Every program on my computer is a conversation between the application code, the system libraries, and plugins. The browser I am using to type this dynamically interrogates the classes that it uses to discover their features, and conditionally invoke code. Example [1] - notice how this statically typed code is making a dynamic type query, illustrating that these concepts are completely compatible.

My computer's programs rely on dynamic types. That's how they retain compatibility across different versions, and it's how the OS vendor keeps the programs working across system updates.

1: https://chromium.googlesource.com/chromium/src.git/+/62.0.31...




> These languages are not "formerly dynamically typed." These languages are fully dynamically typed. Dynamic typing does not mean the absence of static types!

No, dynamically typed means the program has only one type: the universal value.

> They enable testing for the presence of features at runtime, and conditionally invoking code that otherwise could not type check. [...] You can't write this in languages without dynamic types.
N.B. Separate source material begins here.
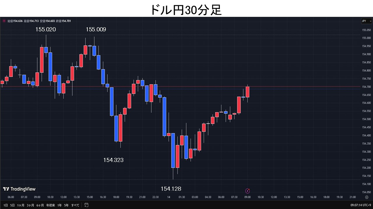米経済後退懸念でドル円は154円台前半へ下押し。

That's incorrect. Extensible idioms don't look the same as they do in dynamically typed languages, but looking the same is immaterial. The same sort of behavioral extensibility is achievable with static typing without reflection, for instance, as found in the Yi editor [1]. Once again, it's about protocols and interfaces.

> Example [1] - notice how this statically typed code is making a dynamic type query, illustrating that these concepts are completely compatible.

That is merely one way to do it

> My computer's programs rely on dynamic types. That's how they retain compatibility across different versions, and it's how the OS vendor keeps the programs working across system updates.

That's not dynamic typing, compatibility is the advantage of standardized protocols and interfaces.

[1] https://yi-editor.github.io/


>Consider for example preventing event propagation in JS. This varies by browser so you might write: > > if (event.preventDefault)

FWIW, that sort of field existence check (and much more) can be done fully at compile time in many mainstream programming languages.